>>>>

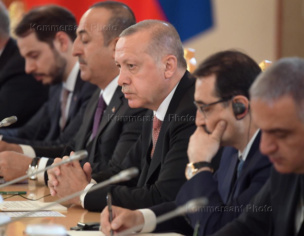Заседание Совета сотрудничества высшего уровня между Россией и Турцией прошло в Кремле. Президент Турции Реджеп Тайип Эрдоган (справа) и министр иностранных дел Турции Мевлют Чавушоглу (в центре) во время заседания.
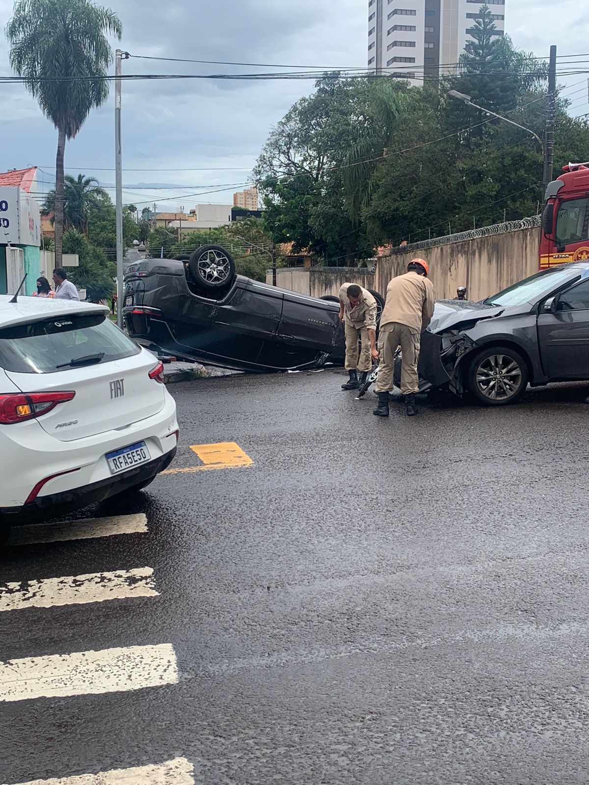 Segundo Douglas Zenos, funcionário de uma loja na esquina do acidente, os veículos envolvidos na batida foram um Volkswagen Gol, branco, um Toyota Corolla, preto, e um Jeep Commander, também da cor preta.
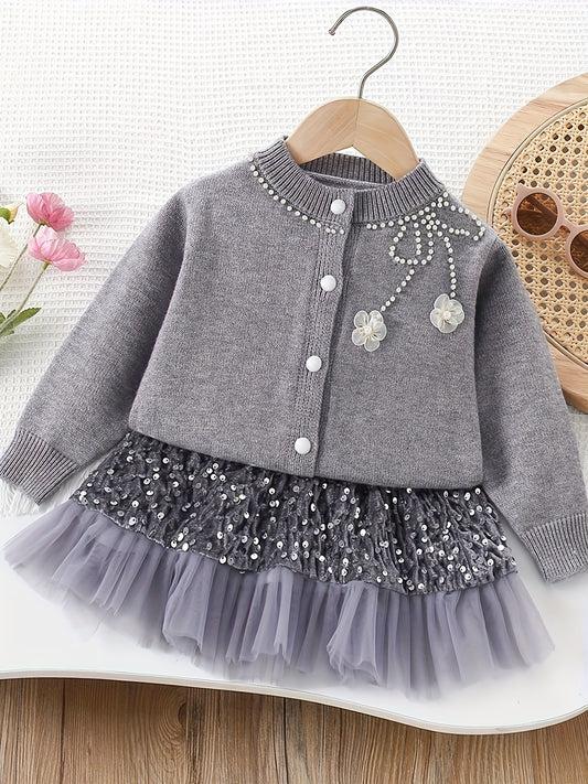 2pcs Girls' Elegant Sequin Trim Sweater & Sparkle Tulle Tutu Skirt Set - Red & Golden Glittery Party Outfit with Ruffled Hem, Long Sleeve Round Neck Top & Layered Tulle, Perfect For Halloween, Christmas, Photo Shoots, Pageant
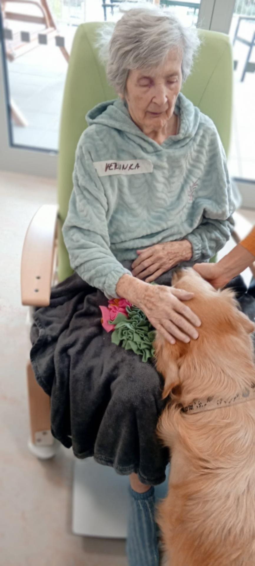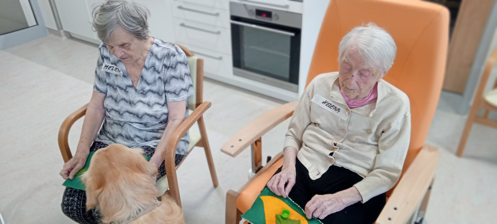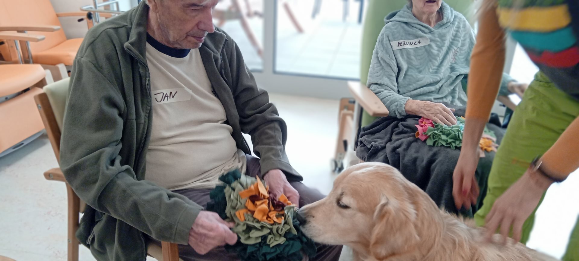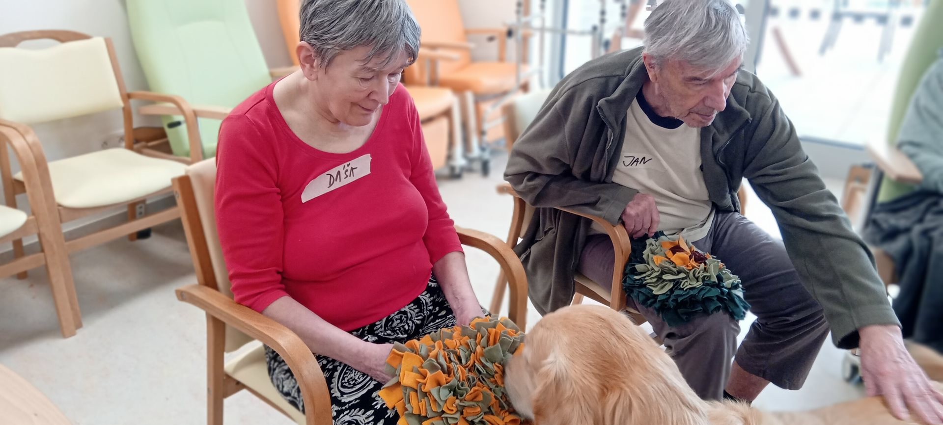 Během aktivit si klienti procvičovali jemnou motoriku, vzpomínali na svá zvířata a užívali si přítomnost psího kamaráda, kterého si rádi pohladí a nakonec ho i krásně učešou.
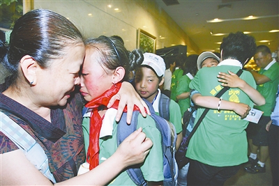 5月20日,在海口美兰国际机场,在海南结束为期一周的“心灵呵护”之旅后,来自玉树地震灾区的孩子们与相伴了一周的工作人员依依惜别,互道祝福。
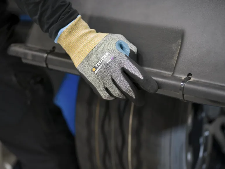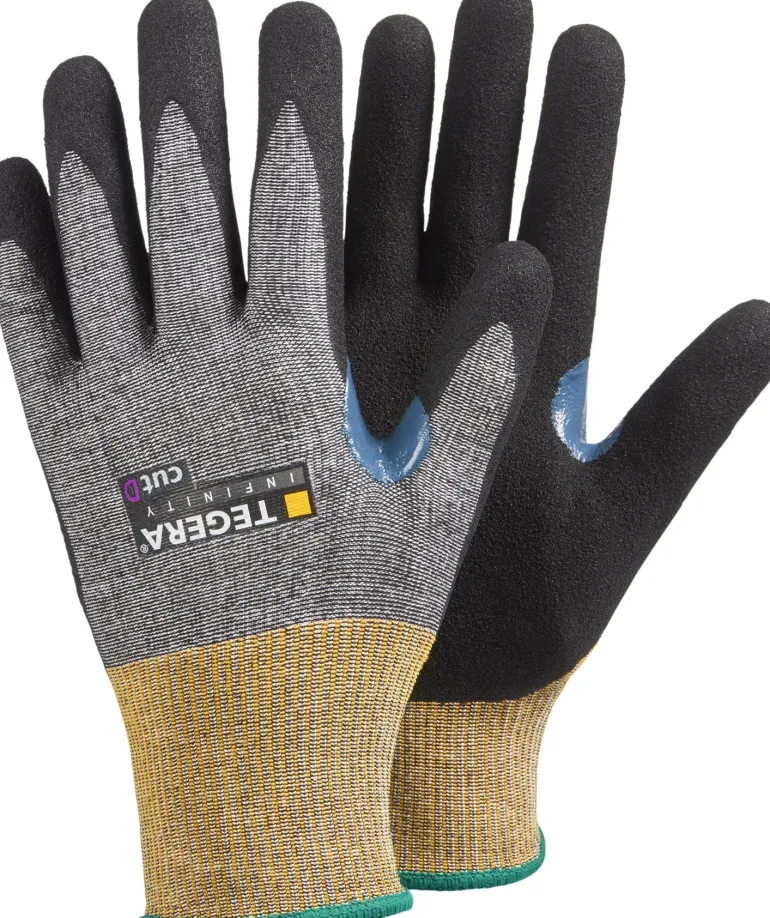 Kuvaus: Anatomisesti muotoiltu, hyväksytty elintarvikekäyttöön, kestää kosketuslämpöä jopa 100°c saakka, viiltosuoja EN 388:2016 tason D mukaan
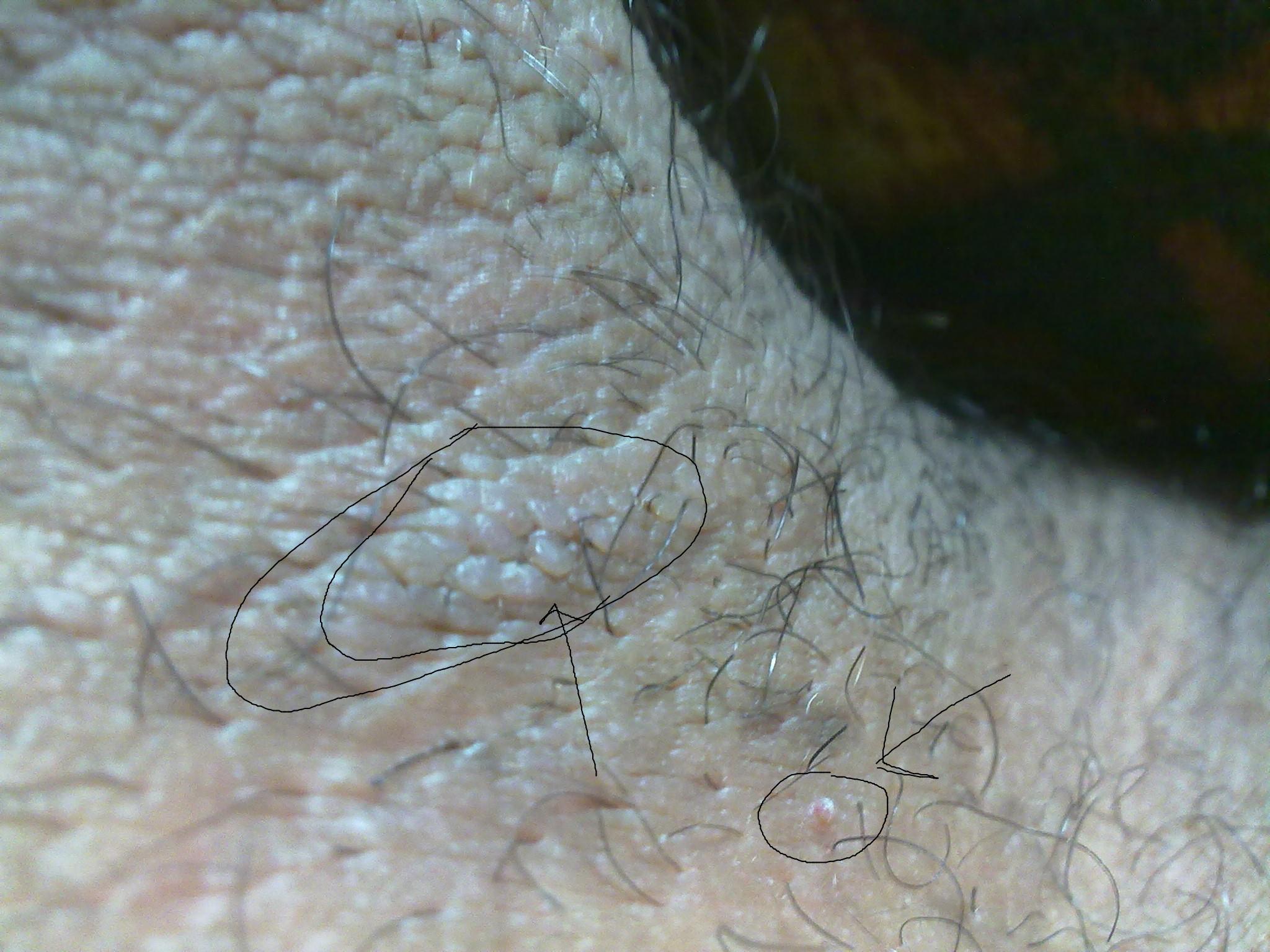 Здравствуйте доктор мне 18,у меня вокруг члена высыпания,это похоже на папулы..НО на теле есть папиломки и в паху есть 1 маленькая,я выделил на фото!
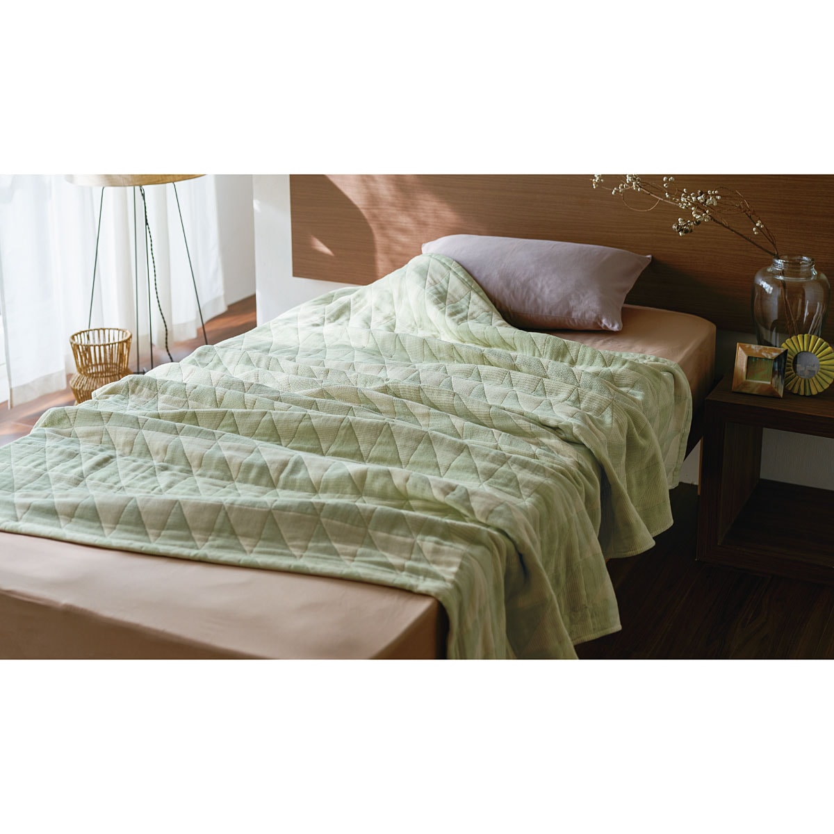 グリーン系肌ざわりのよさを追求し、伝統の技で作られた三河木綿ガーゼケットです。

<<<<

**To do:** No picture belongs in the copy; return the rest of the listing exactly.

**Response to this exercise:**
Заседание Совета сотрудничества высшего уровня между Россией и Турцией прошло в Кремле. Президент Турции Реджеп Тайип Эрдоган (справа) и министр иностранных дел Турции Мевлют Чавушоглу (в центре) во время заседания.
 Segundo Douglas Zenos, funcionário de uma loja na esquina do acidente, os veículos envolvidos na batida foram um Volkswagen Gol, branco, um Toyota Corolla, preto, e um Jeep Commander, também da cor preta.
 2pcs Girls' Elegant Sequin Trim Sweater & Sparkle Tulle Tutu Skirt Set - Red & Golden Glittery Party Outfit with Ruffled Hem, Long Sleeve Round Neck Top & Layered Tulle, Perfect For Halloween, Christmas, Photo Shoots, Pageant
 Během aktivit si klienti procvičovali jemnou motoriku, vzpomínali na svá zvířata a užívali si přítomnost psího kamaráda, kterého si rádi pohladí a nakonec ho i krásně učešou.
 5月20日,在海口美兰国际机场,在海南结束为期一周的“心灵呵护”之旅后,来自玉树地震灾区的孩子们与相伴了一周的工作人员依依惜别,互道祝福。
 Kuvaus: Anatomisesti muotoiltu, hyväksytty elintarvikekäyttöön, kestää kosketuslämpöä jopa 100°c saakka, viiltosuoja EN 388:2016 tason D mukaan
 Здравствуйте доктор мне 18,у меня вокруг члена высыпания,это похоже на папулы..НО на теле есть папиломки и в паху есть 1 маленькая,я выделил на фото!
 グリーン系肌ざわりのよさを追求し、伝統の技で作られた三河木綿ガーゼケットです。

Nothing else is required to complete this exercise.